Но тянуло море Володьку. Брал он летом дедушкину резиновую лодку и шел на веслах. Правда, далеко не заплывал: боязно одному. И виднелась позади пестрая полоска дач, и желтел раскаленный берег.
Собрался Володька под конец августа на дачу, на рыбалку. Хотел с утра да проспал, проворонил воду. Невелика беда! Выкатил из сарайки старенький стелс, сказал матери, чтобы к вечеру не ждала: «На море заночую!», и поехал. От Онеги, где жил Володька, до моря дорога привычная. По одну сторону – лес и по другую – лес. Как заблестят сквозь деревья островки воды, значит, уже рядом.
Доехал Володька. На свету накопал червей, укрыл ведерко турой и прилег на песок ждать прилива. Думал занырнуть, но переменилось течение: остыло море. Да так оно здесь и бывает: уйдет теплым, вернется чуть ли не льдом затянутым… Закатом обдало стволы придорожных сосен, и как-то сразу дыхнуло прохладой, накрапывающей осенью. Давно отцвел иван-чай, перестали донимать овода, все чаще в дождевой бочке плавали сухие березовые листья. Того и гляди, грянут первые заморозки… Володька тряхнул, отгоняя тоску, отросшими за лето волосами и пошел за лодкой.
Здорово было грести по рыжей, подрагивающей воде. Садились на грубые спины камней кулики, кружили, перекрикиваясь, чайки. А больше – никого. Кончились отпуска, разъехались соседи. Теперь все море его, Володькино. Плыви – не хочу. А клевало между тем плохо. Сначала на одном месте пытался, потом перебрался на другое. Не клюет, и хоть ты тресни. Володька уже приготовился якорь поднимать, уже червей подорвался выпустить, как вдруг дрогнула леска… И понеслась! Навага, камбала, снова навага! Только успевай удочку вытаскивать! Не помнил Володька такого улова! Вот и пропустил, как погасли последние полосы заката, как опустилась тяжелая, непроглядная ночь.
Особенно глубоки на Севере августовские ночи. Вытянешь руку – собственной ладони не различишь. Оставлял Володька на даче свет, но пропал берег, укрылся теменью. Ни одного окошка не горело на всем берегу! «Авария опять, что ли…» – подумал Володька. Вздохнул, отложил удочку и поплыл обратно.

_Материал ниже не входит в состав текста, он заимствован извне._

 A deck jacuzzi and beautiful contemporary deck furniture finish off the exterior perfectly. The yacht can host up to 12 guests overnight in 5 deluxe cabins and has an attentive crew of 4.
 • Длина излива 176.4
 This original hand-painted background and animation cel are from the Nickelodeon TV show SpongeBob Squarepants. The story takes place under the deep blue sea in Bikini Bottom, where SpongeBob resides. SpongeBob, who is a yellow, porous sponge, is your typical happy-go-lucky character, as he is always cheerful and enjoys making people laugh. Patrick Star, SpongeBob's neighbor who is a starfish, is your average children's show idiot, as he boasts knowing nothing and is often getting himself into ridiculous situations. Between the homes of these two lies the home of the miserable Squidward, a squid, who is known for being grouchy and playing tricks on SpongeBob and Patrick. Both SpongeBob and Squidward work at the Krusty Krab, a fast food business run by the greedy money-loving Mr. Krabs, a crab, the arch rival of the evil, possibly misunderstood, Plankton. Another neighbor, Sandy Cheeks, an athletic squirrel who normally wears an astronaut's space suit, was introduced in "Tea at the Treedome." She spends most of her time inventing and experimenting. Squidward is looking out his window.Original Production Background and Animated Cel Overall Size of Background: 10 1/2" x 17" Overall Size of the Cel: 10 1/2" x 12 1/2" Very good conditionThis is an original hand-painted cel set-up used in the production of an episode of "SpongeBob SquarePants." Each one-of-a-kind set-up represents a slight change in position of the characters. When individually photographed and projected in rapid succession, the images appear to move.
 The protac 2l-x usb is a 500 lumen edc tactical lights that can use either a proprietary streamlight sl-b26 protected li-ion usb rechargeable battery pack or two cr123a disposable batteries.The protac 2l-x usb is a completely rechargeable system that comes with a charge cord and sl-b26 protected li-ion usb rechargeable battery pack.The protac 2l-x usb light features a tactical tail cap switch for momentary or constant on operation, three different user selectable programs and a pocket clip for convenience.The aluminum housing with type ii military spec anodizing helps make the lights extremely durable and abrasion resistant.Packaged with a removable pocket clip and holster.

Но сколько ни греб, не было края морю. Кругом вода, долгая и холодная. Давно исчезла граница горизонта, перетекло небо в море, а море – в небо. Кольнула тревога. Как назло, ни звезд, ни луны, все тучами заволокло. И ведь не могло его далеко унести, якорь держал, а толку! Рядом-рядом, а крутануло! Ладно бы шторм, тогда понятно… Но мягкая волна сегодня, штиль практически! Мокрый от пота и брызг, с диковатыми глазами, махал Володька веслами. Подпрыгивала и билась о стенки ведра еще живая рыба.
Вдруг вдали блеснул костерок. Ринулся Володька на него и на удивление быстро причалил. У костра сидел старик и курил. Над огнем на кольях висел закопченный котелок, готовилась уха – пахло вареной рыбой.

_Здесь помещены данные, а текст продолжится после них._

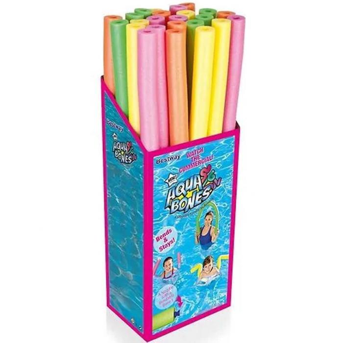 Makaron z pianki o długości 122 cm to pianka poli(oksymetylenowa), podatna na odkształcenia. która zapewnia dodatkową wyporność, jeśli umieszczony pod pachami. Zachowuje każdy nadany mu kształt, które wydają głośne, imitujące pękanie odgłosy. Każdy makaron Aqua Bone posiada 58 blokujące złącza. Idealny do pływania, chlapania, tworzenia fal, a nawet do ćwiczeń.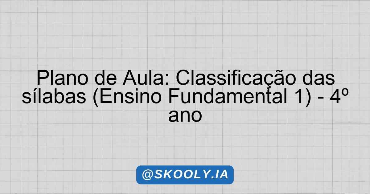 Plano de Aula: Classificação das sílabas (Ensino Fundamental 1) – 4º ano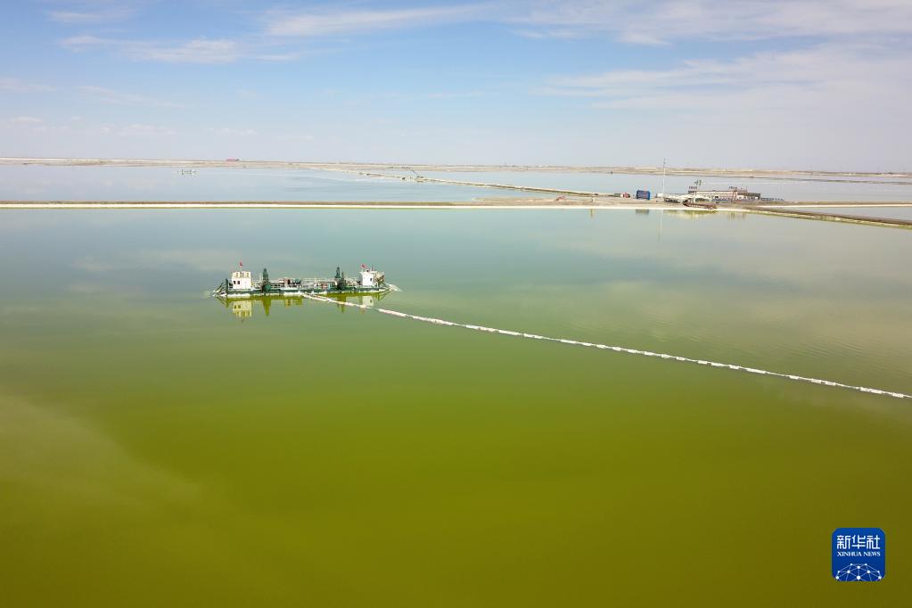 這是2022年6月13日在青海柴達木盆地拍攝的察爾汗鹽湖上的采鹽船(無人機照片)。新華社記者 范培珅 攝

– Простите… – Володька осторожно подошел к старику. – Простите, а до Каменного ручья далеко?
Старик с любопытством посмотрел на него и, подумав, ответил:
– Да уж неблизко…
– А не путаете? Двадцать девятый километр!
– Я-то? Я-то не путаю, а ты погодь… Передохни… Садись сюды…

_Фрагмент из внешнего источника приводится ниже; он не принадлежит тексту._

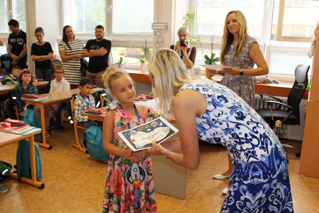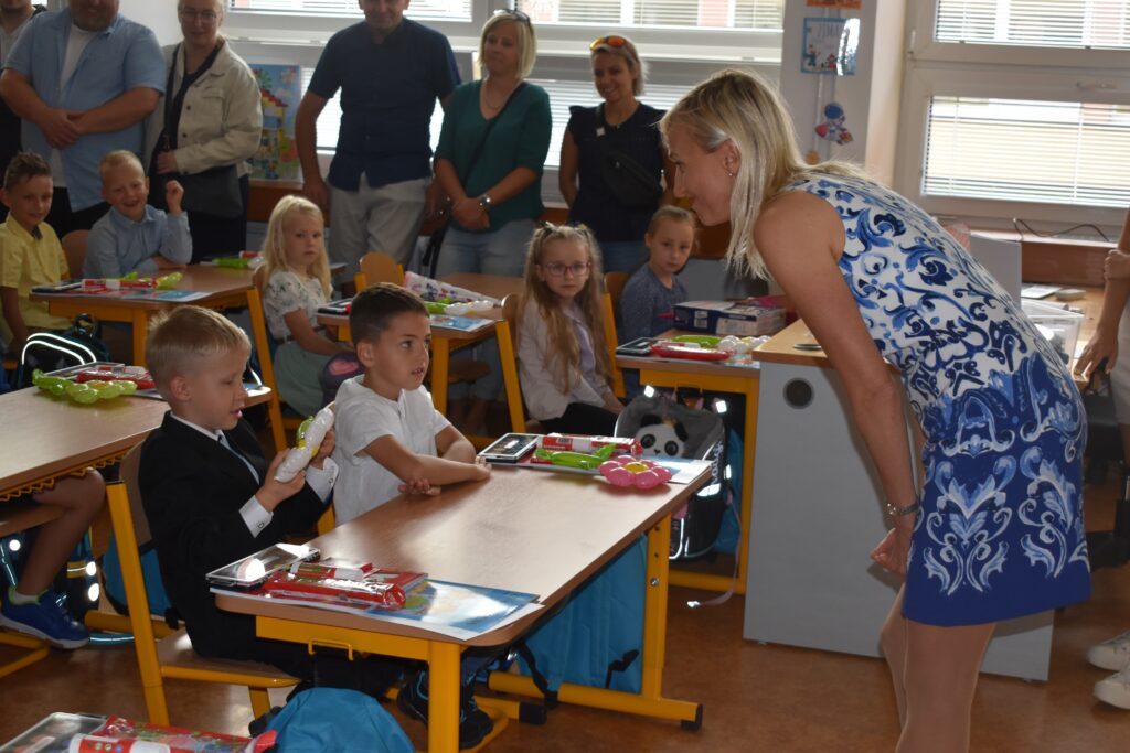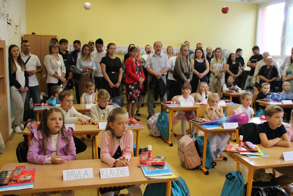 Děti přivítalo vedení školy společně s jejich třídními učitelkami, které je budou provázet celým školním rokem. Právě ony se stanou jejich oporou i průvodkyněmi na cestě plné nových zkušeností, zážitků a radosti z poznávání.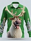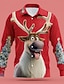 Natale Per uomo Renna Polo Manica Lunga Collo ripiegato Moderno Tempo libero Sport & Outdoor Athleisure Festival Cerniera Stampa 3D Primavera Autunno Inverno Nero Rosso Blu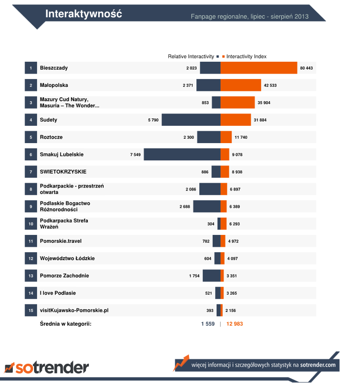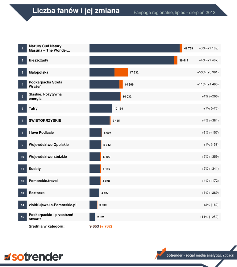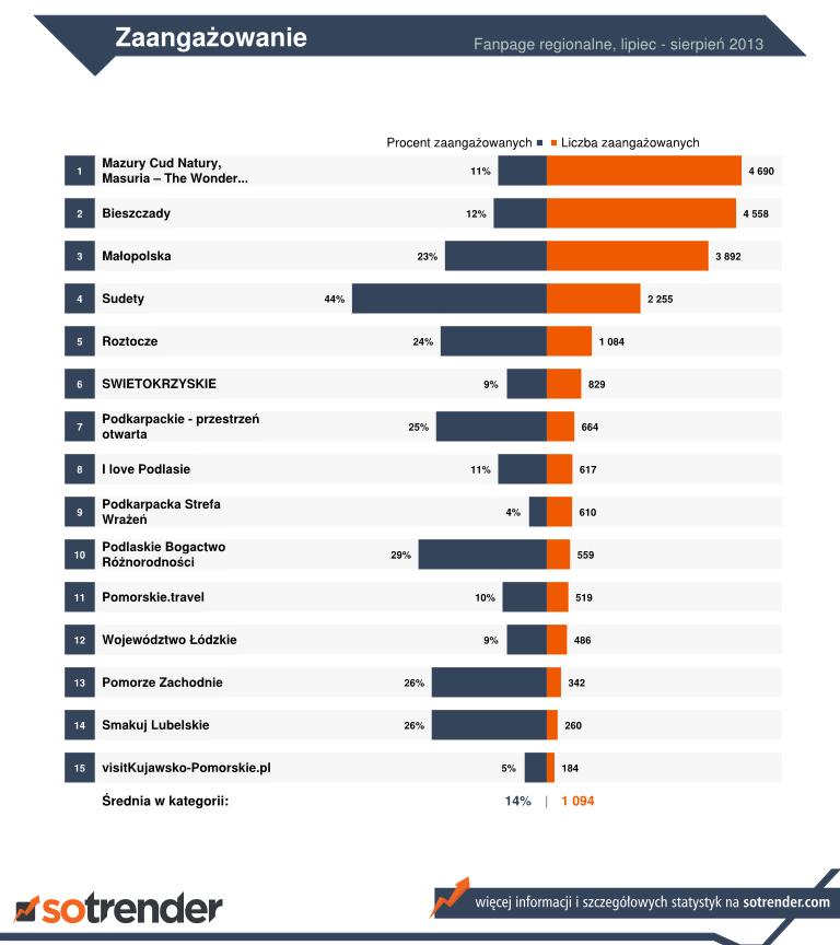 Sotrender przeanalizował 1394 wpisy opublikowane przez 20 profili poświęconych regionom w okresie od 1 lipca do 31 sierpnia. 2013 r.
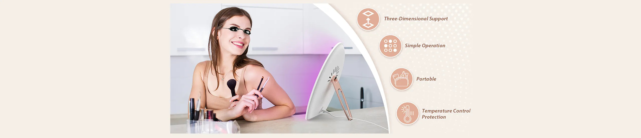 More Ways to Use: Our beauty light panel is designed with back support, you can easily place it on the sink, dresser and use it. The size of our beauty lamp is 7.44" x 9.45" and the weight is 1.5 lists, you can hold it to shine on your face. The back support supports 180° adjustment, if you have hooks you can hang the beauty panel for use. More ways to use it are waiting for you to unlock.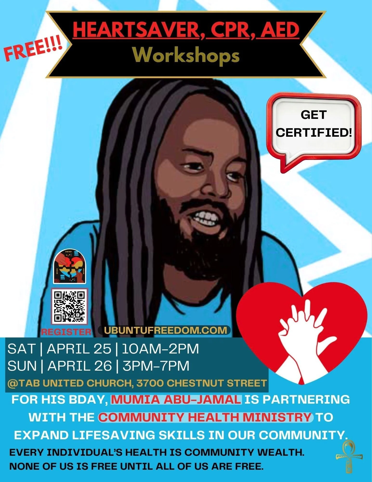 To initiate this program, we and other community organizations are offering our first two training sessions in partnership with Mumia Abu-Jamal on April 25th and April 26th (see attached graphic for specifics). Our FREE training program will include: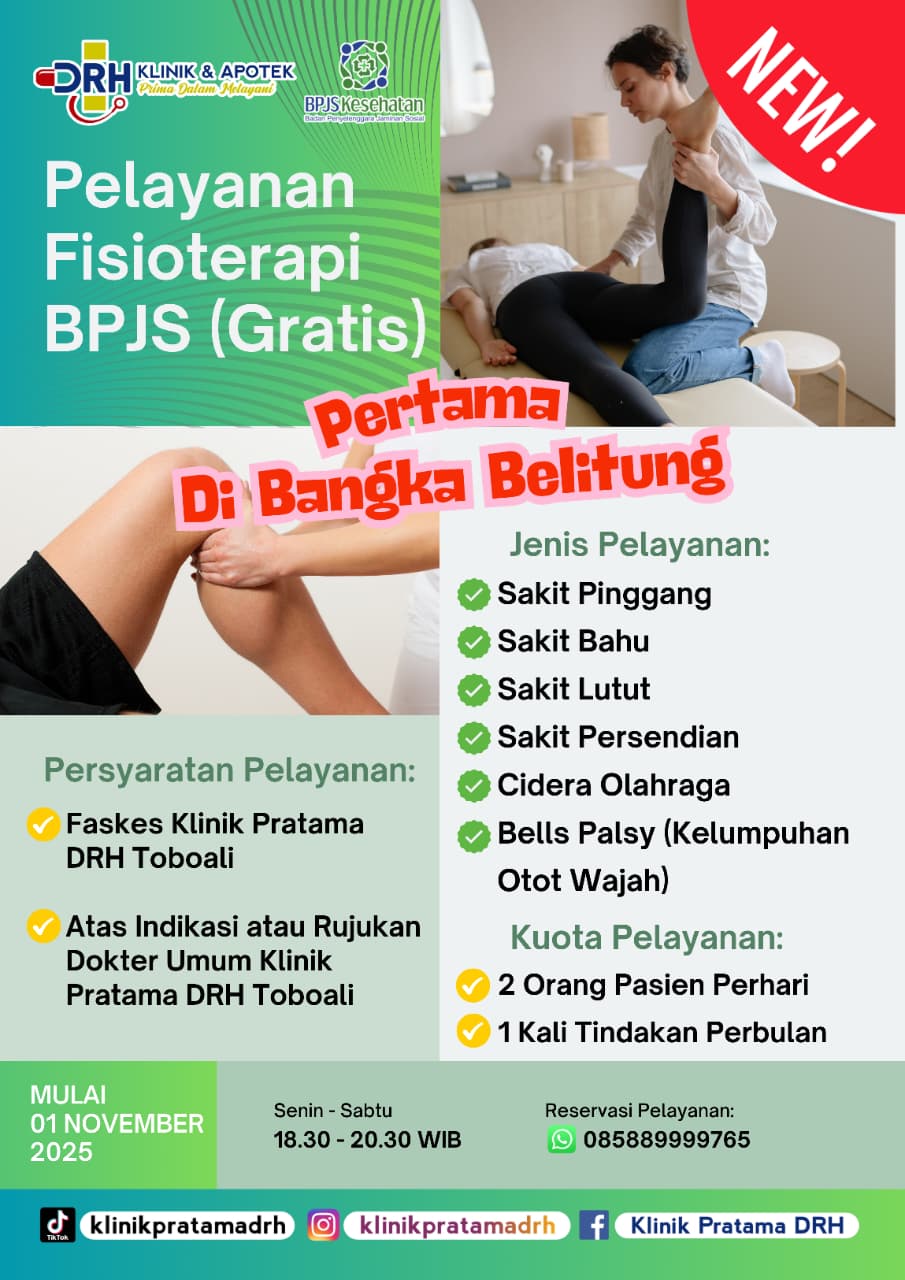 Direktur Klinik Pratama DRH Toboali, dr. Rudi Hartono, M.M., menjelaskan, layanan fisioterapi ini diperuntukkan bagi pasien dengan kondisi seperti sakit pinggang, sakit bahu, sakit lutut, nyeri persendian, cedera akibat olahraga, hingga Bells Palsy atau kelumpuhan otot wajah.

И он похлопал по скамейке.
Володька послушался.
Старик шевельнул кочергой поленья, подкинул березовых веток и вздохнул:
– Сейгод кривое море…
– Как кривое, когда ветра нету…
– А оно такое, хитрое. Выйдешь на́ воду – тишь да благодать, а вона куда тебя утянуло… Развлекается, шутки шутит… Звать-то тебя как?
– Владимиром!
– Ишь ты, Владимир! – повеселел старик. – А я Сергей Иваныч…
Сергей Иваныч выглядел человеком крепим, всякого повидавшим, ворот его фланелевой рубахи был широко расстегнут, сизой щетиной заросло лицо. На шее висел деревянный крест. «Наверное, тоже рыбак», – решил Володька и тут же спросил, кивая на босые ноги старика:
– Не холодно?
– Ну, еще холодов бояться! Отбоялся, поди! Теперь уж бойся не бойся…
Ночь стояла глухая, траурная. Шумели невидимые волны. Потрескивая, дрожал огонь.
Сергей Иваныч заглянул в котелок и разулыбался:
– Готово! Пойдем, Владимир, не будем мужиков голодом морить!
Он снял уху и засыпал песком костерок. Как только погас огонь, со всех сторон обрушилась темнота.
– Ну, чего застрял? Идешь али как? – издалека позвал Сергей Иваныч.
Володька бросился догонять, боясь заблудиться.
Избушка стояла прямо на песке, к ней вели деревянные мосточки, горько поскрипывающие при каждом шаге.
Сергей Иваныч открыл тяжелую дверь, и Володька очутился в небольшой комнатушке, пропахшей деревом и морем.
– Иваныч! Мы уж думали, помер там! А ведь это… Двум смертям не бывать! Правильно говорю? – веселился долговязый рыбак, развалившийся на лавке.
– Ты, Игорь, хорош языком молоть! Лучше бы миски достал!
– Да я так, смешно же!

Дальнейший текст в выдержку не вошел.